— PROVIDED RECORDS —
Segment Open
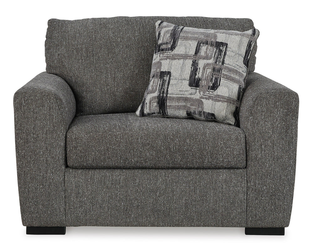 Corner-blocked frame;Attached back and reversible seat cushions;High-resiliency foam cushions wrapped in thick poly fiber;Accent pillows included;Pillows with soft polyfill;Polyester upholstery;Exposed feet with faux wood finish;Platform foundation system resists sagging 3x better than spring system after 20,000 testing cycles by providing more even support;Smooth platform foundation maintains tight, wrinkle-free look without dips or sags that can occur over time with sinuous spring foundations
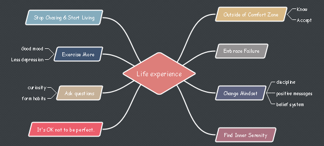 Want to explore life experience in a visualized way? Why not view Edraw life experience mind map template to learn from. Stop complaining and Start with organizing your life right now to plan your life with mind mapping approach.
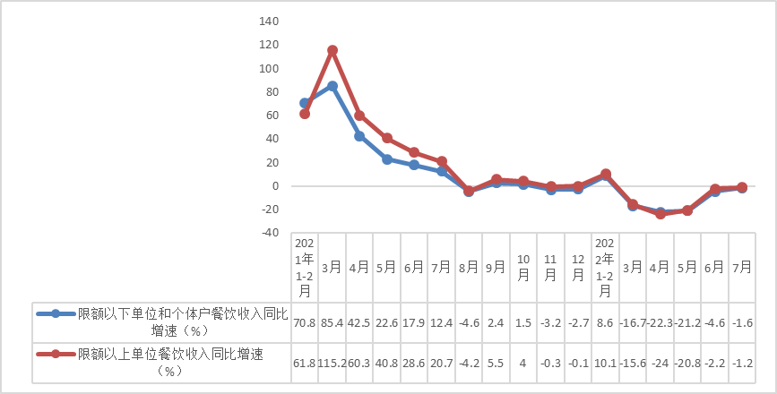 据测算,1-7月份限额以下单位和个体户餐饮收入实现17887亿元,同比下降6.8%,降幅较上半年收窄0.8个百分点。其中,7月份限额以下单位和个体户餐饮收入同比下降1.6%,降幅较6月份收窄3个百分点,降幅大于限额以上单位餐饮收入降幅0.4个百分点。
Segment Closed
Segment Open
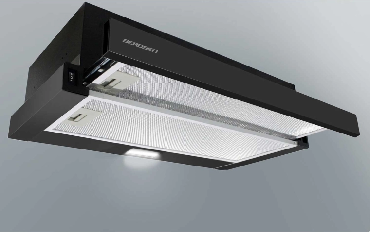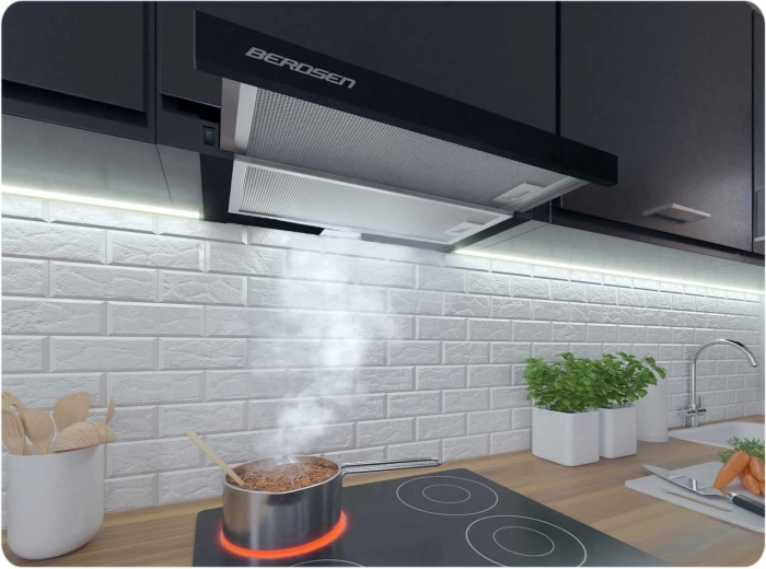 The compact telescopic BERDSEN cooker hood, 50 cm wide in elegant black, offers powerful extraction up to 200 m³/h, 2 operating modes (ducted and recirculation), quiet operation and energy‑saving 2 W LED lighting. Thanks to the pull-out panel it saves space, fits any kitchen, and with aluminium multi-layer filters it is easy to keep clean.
Segment Closed
— PROBLEM TO SOLVE —
Would you set down only the lines above from the line with "Corner-blocked frame;Attached back" to the line with "Want to explore", both included, exactly as they stand and without the pictures?

— ANSWER SPACE —
 Corner-blocked frame;Attached back and reversible seat cushions;High-resiliency foam cushions wrapped in thick poly fiber;Accent pillows included;Pillows with soft polyfill;Polyester upholstery;Exposed feet with faux wood finish;Platform foundation system resists sagging 3x better than spring system after 20,000 testing cycles by providing more even support;Smooth platform foundation maintains tight, wrinkle-free look without dips or sags that can occur over time with sinuous spring foundations
 Want to explore life experience in a visualized way? Why not view Edraw life experience mind map template to learn from. Stop complaining and Start with organizing your life right now to plan your life with mind mapping approach.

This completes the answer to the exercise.